In Lectures on the Work of the Main Digestive Glands, for which Pavlov won the Nobel Prize in 1904, the scientist frequently referred to the experiments of his coworkers and stated that his conclusions reflected "the deed of the entire laboratory." This novel claim caused the prize committee some consternation. Was he alone deserving of the prize? Examining the fascinating content of Pavlov's scientific notes and correspondence, unpublished memoirs, and laboratory publications, Pavlov's Physiology Factory explores the importance of Pavlov's directorship of what the author calls a "physiology factory" and illuminates its relationship to Pavlov's Nobel Prize-winning work and the research on conditional reflexes that followed it.

Todes looks at Pavlov's performance in his various roles as laboratory manager, experimentalist, entrepreneur, and scientific visionary. He discusses changes wrought by government and commercial interests in science and sheds light on the pathways of scientific development in Russia―making clear Pavlov's personal achievements while also examining his style of laboratory management. Pavlov's Physiology Factory thus addresses issues of importance to historians of science and scientists today: "big" versus "small" science, the dynamics of experiment and interpretation, and the development of research cultures.

  • Corgustari
I am not sure if it is worth the money.
It provides a historical account, in context, of Pavlov's legacy.
The information is not necessarily richer than what one may access from the web.
  • fabscf
Dr. Todes's exhaustive study of Ivan Pavlov's laboratory from 1891 to 1904 illustrates the transformation of a lone-investigator to the manager of a large team of scientists all contributing data, experiments, and methods to a larger body of work.
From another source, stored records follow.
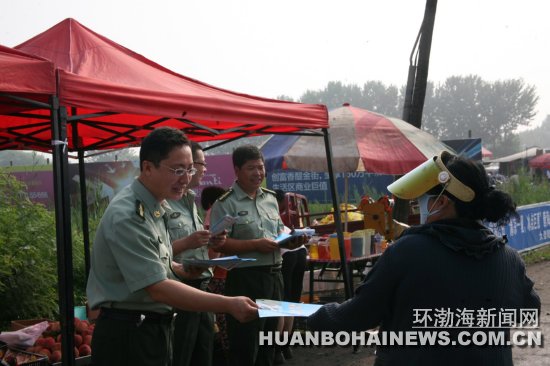 7月17日,正逢曹妃甸主城区大集。曹妃甸区人武部官兵冒着酷暑,在集市上向赶集的群众发放2014年征兵工作宣传资料,吸引了许多群众咨询有关大学生征集条件、办法、流程和优惠政策的问题。
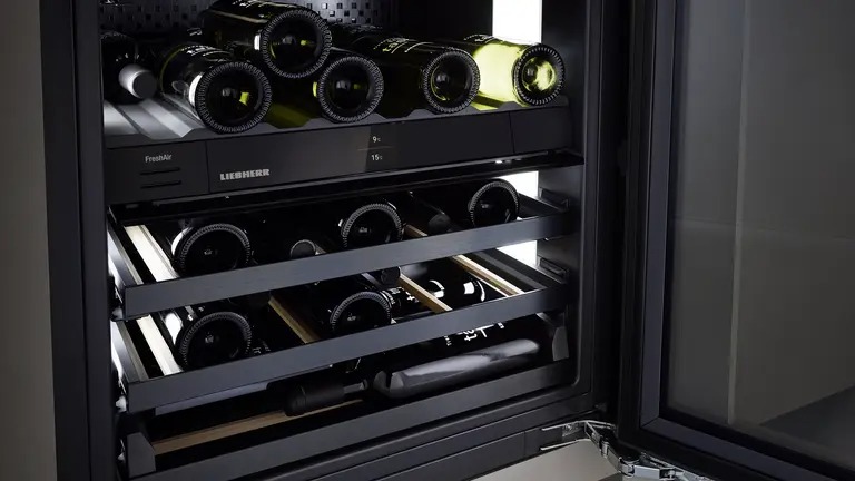 В винном шкафу используются тихий компрессор, разработанный компанией Liebherr, и устойчивые деревянные полки из массива бука. Вина храниться в тихой и спокойной обстановке.
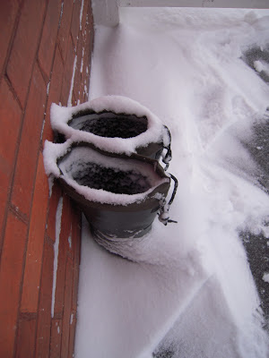 Fun fact: Jeremiah has never really seen this much snow. He talks a big game about knowing how bad it can get and that he will be fine - everything will always be fine. But really, how does he know?! He has never been snowed into his home, missed days of work or school for snow! And he never takes my winter/snow advice...after all, I have only been living in Canada my whole life! But there is this one thing gets me every time...he leaves his boots outside the front door, why? Don't ask me, there is room in the house. They get damp and cold and personally, I would be afraid of something living in them. I always warn him against doing it, but again, he will not take my advice. So this morning, the first thing I notice when I go outside to clear the snow? Boots full of snow - good luck drying those out! Do you think he will take my advice from now on?
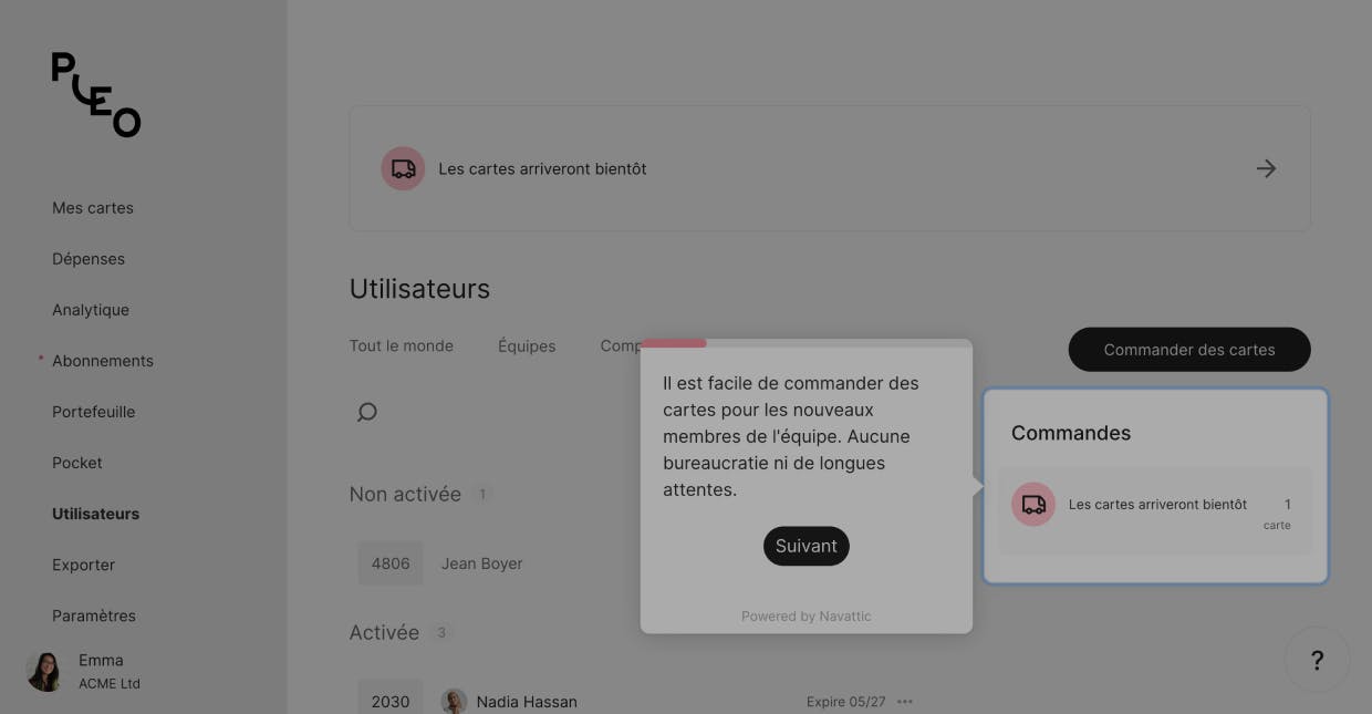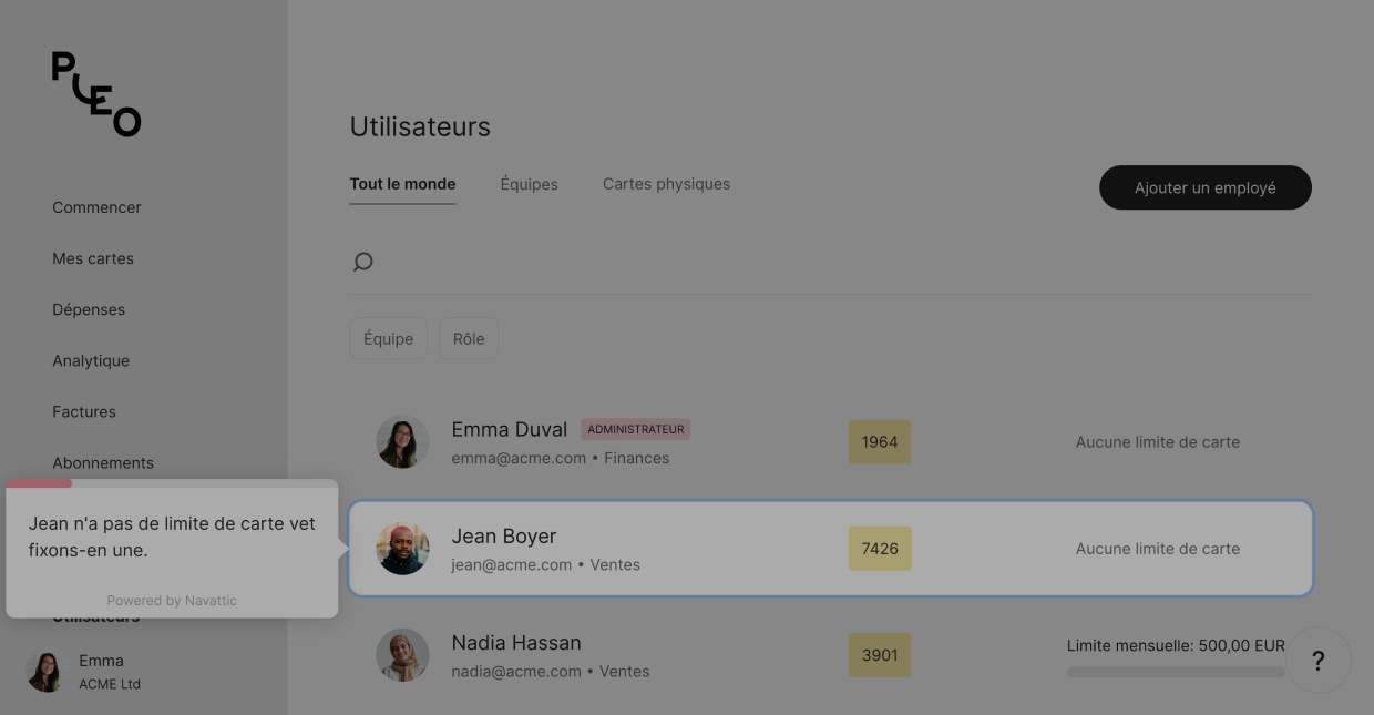 Profitez d'un aperçu sur l'activité des titulaires de cartes, invitez de nouveaux collaborateurs et supprimez des cartes en quelques secondes.
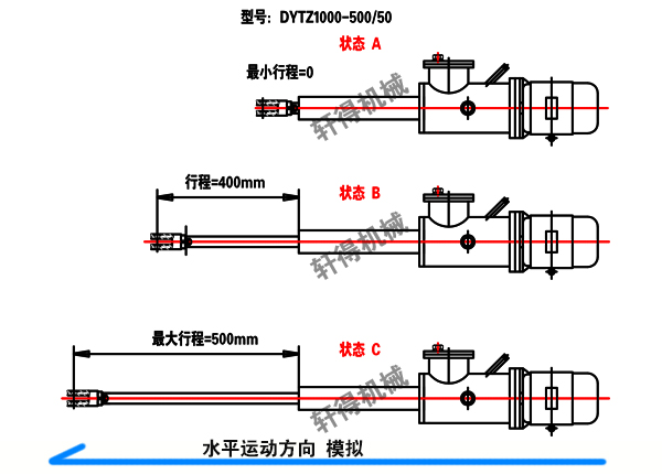 首先給大家舉個例子,電液推桿型號為:DYTZ1000-500/50,相信大家看到這個型號就會了解這是什么樣的電液推桿,大概的參數是什么,如果有不了解的,請點擊文章最下方的相關文章進行了解,大家請先看下面的模擬圖:
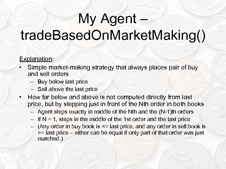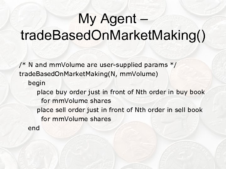 My Agent – trade. Based. On. Market. Making() /* N and mm. Volume are user-supplied params */ trade. Based. On. Market. Making(N, mm. Volume) begin place buy order just in front of Nth order in buy book for mm. Volume shares place sell order just in front of Nth order in sell book for mm. Volume shares end
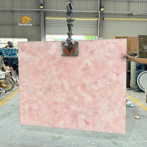 बैकलिट डिजाइन लक्जरी प्राकृतिक गुलाबी गोनीक्स क्रिस्टल गुलाब क्वार्ट्ज पारदर्शी पत्थर स्लैब
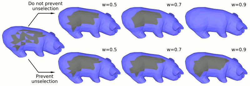 Manually selecting faces on a triangle mesh may create irregular borders (sawtooth) because of the shape of the triangles. Such borders can be regularized using the alpha expansion algorithm.
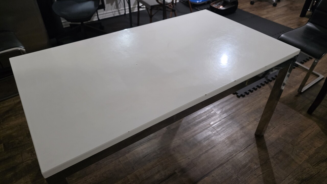 테이블: 화이트 유광 마감된 모서리 부분에 눈에 띄는 긁힘 자국이 일부 있습니다.
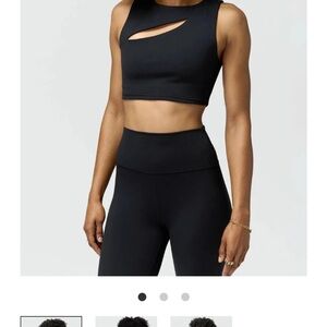 New with tags. Spiritual Gangster double-layer sports bra featuring a sleek front slit and an open back cutout for a modern, sculptural look. Designed for moderate support with a smooth, compressive feel. Ideal for yoga, studio workouts, or elevated athleisure styling.
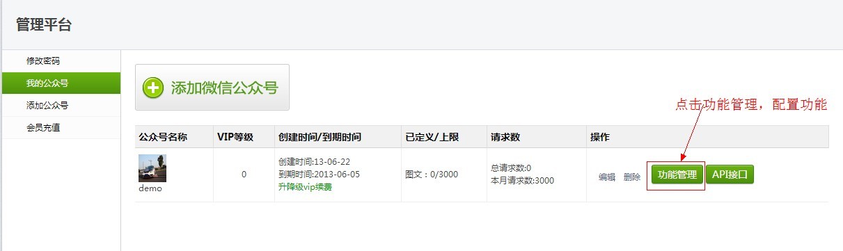 第二步、到微信公众平台设置接口。
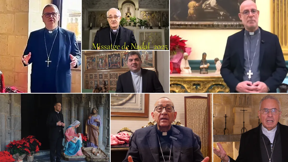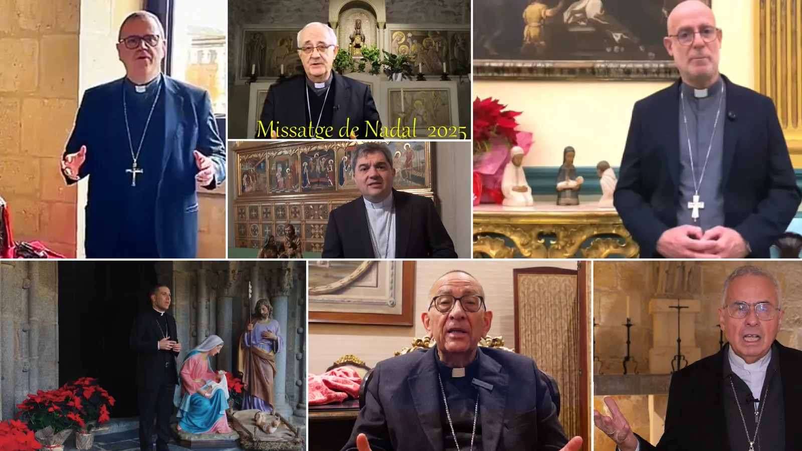 Siete de los diez obispos con diócesis en Cataluña han felicitado esta Navidad a sus fieles con mensajes en vídeo difundidos entre el 21 y el 24 de diciembre. A pesar de la diversidad de voces, espacios y estilos —algunos sentados, la mayoría de pie—, los mensajes comparten un hilo conductor claro: la esperanza cristiana en un mundo herido, la centralidad del nacimiento de Jesús y la llamada a no olvidar a los más vulnerables. La puesta en escena, tal como se puede apreciar en la fotografía adjunta, refuerza este mensaje con una presencia destacada del belén, las figuras del nacimiento y espacios catedralicios o capillas cargados de simbolismo.
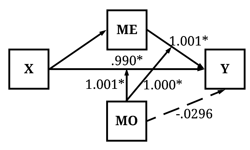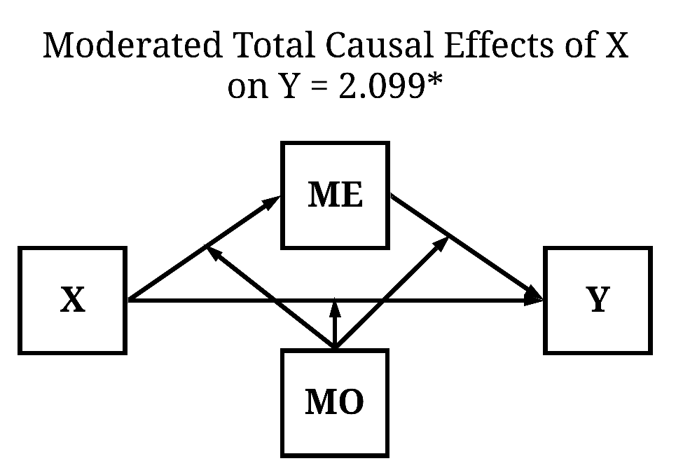 Instead, we can calculate the conditional total causal effects of X on Y by regressing Y on X, MO, and an interaction between MO and X. Ignoring the direct estimates – they provide limited value in an interaction model –, the interaction between MO and X indicates that as scores on X increase and scores on MO increase the magnitude of the total causal effects of X on Y becomes stronger to a degree of 2.099 (b = 2.099, β = .152).
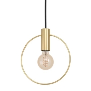 Die Pendelleuchte aus Metall in Messing-Gebürstet mit einem Ring und einer innenliegenden Fassung sowie einem schwarzen Textilkabel fügt sich elegant in den minimalistischen Trend ein Die Hängelampe…
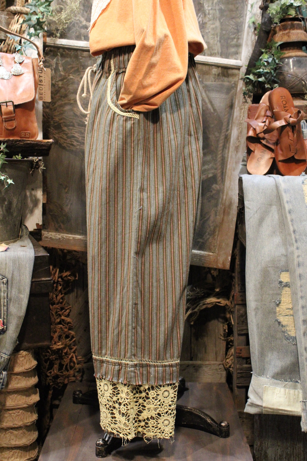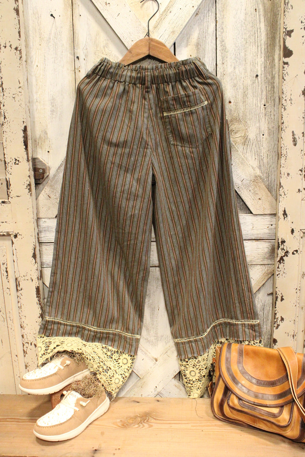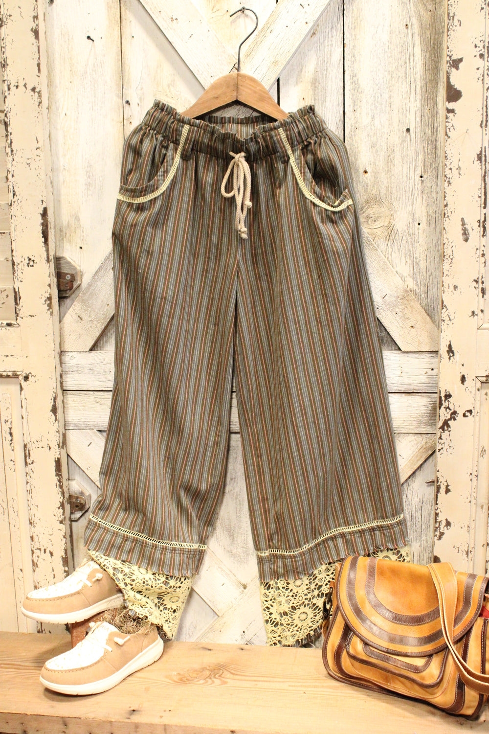 Lasso Lace Pants- Add a touch of vintage charm to your everyday style with our Lasso Lace Pants. Featuring a relaxed, flowy silhouette and a subtle vertical stripe pattern, these pants are both flattering and effortlessly comfortable. The soft drawstring waist offers an adjustable fit, perfect for casual days or creative outings.
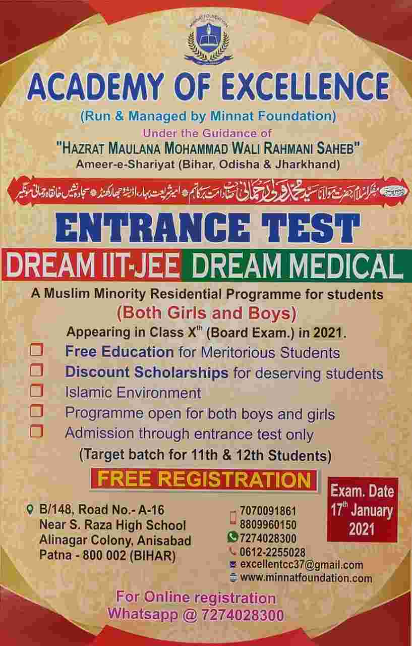 Academy of Excellence ने जारी की एंट्रेंस टेस्ट की तिथि
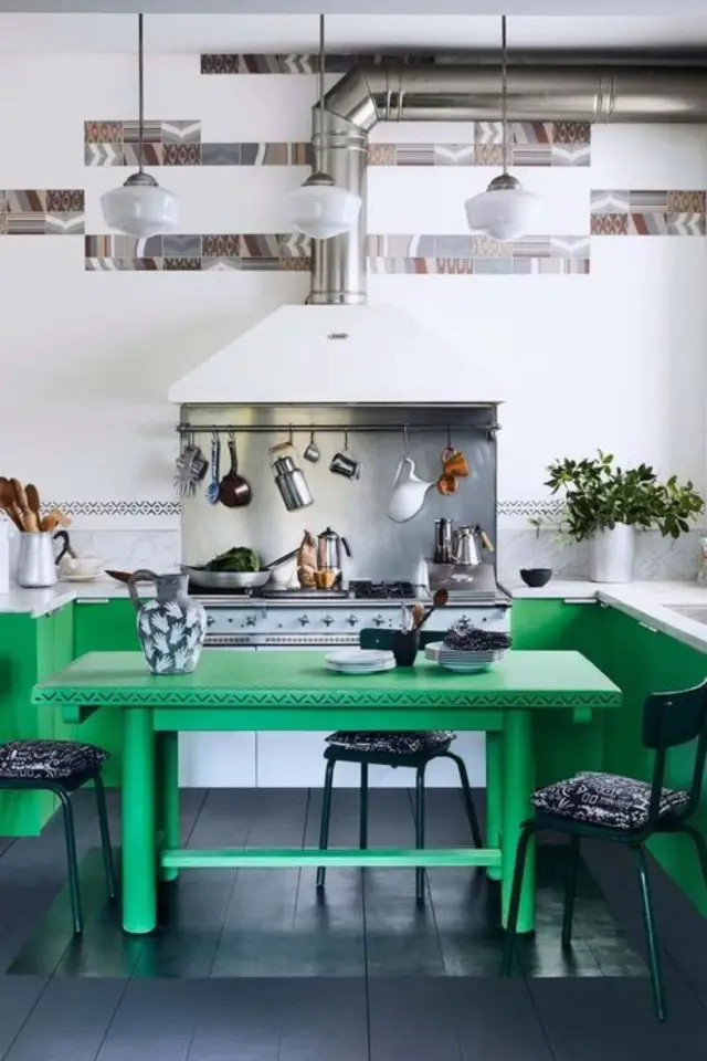 Est-ce que cette tendance des kitsch(enettes) via Pinterest signe la fin des cuisines minimalistes? Je ne pense pas. Le minimalisme dans cette pièce de vie était intéressant pour la fonctionnalité de l'espace. Une cuisine pratique n'est pas antinomique avec une cuisine éclectique ou vintage. Ici, on ajoute juste un côté plus fun & amusant à la pièce grâce aux couleurs, à quelques éléments décoratifs, au vintage.
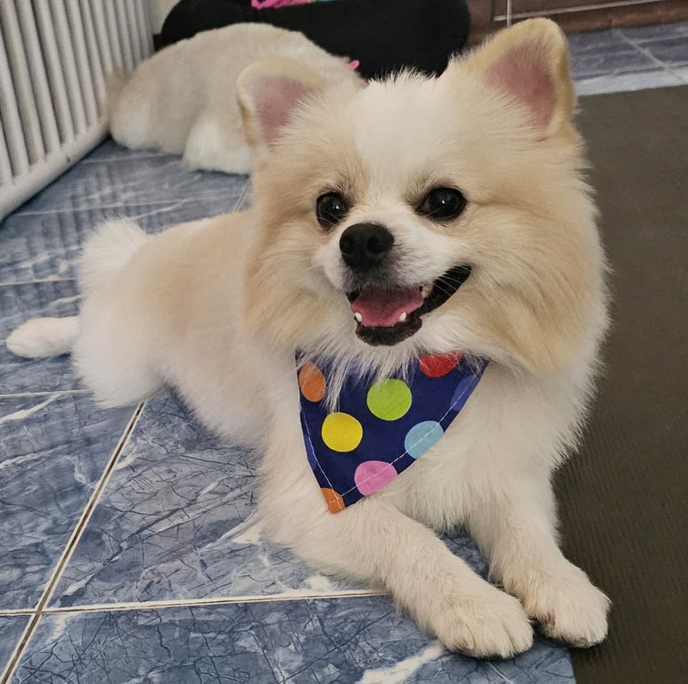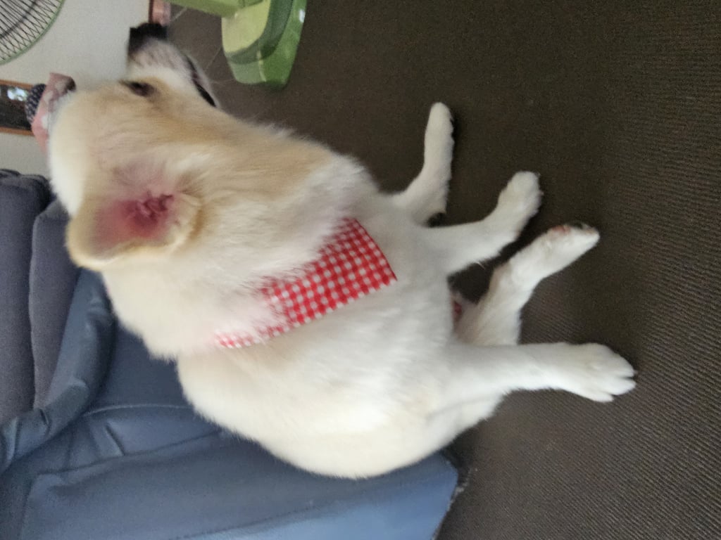 รอยตำหนิ: หางตั้งฟู จมูกเป็นรอยแผลรูปคล้ายหัวใจขี้กลัว แต่เห่าเก่ง ชอบขู่แต่ไม่เคยกัดใคร

This change in scientific style is characeristic of the professionalization of scientific careers in the late nineteenth and early twentieth centuries, and has much to say about the origins of current laboratory enterprises with teams of technicians, research assistants, graduate students, and post-doctoral scientists all working under a single senior scientist. Todes's detailed analysis of letters, laboratory notebooks, and archival collections in Russia makes this the definitive work in English on Ivan Pavlov's work. It is limited to the work on digestion that earned Pavlov the Nobel Prize, but does not provide a complete account of the work on conditioned reflexes for which Pavlov is now most famous, a subject that the author may have chosen to save for a larger biography of Pavlov. Nonetheless, if we want to understand how a previously obscure physiologist became the leader of a world-class research institute, using the Russian royal family for support, Todes's work is the place to start. Definitive and well worth reading!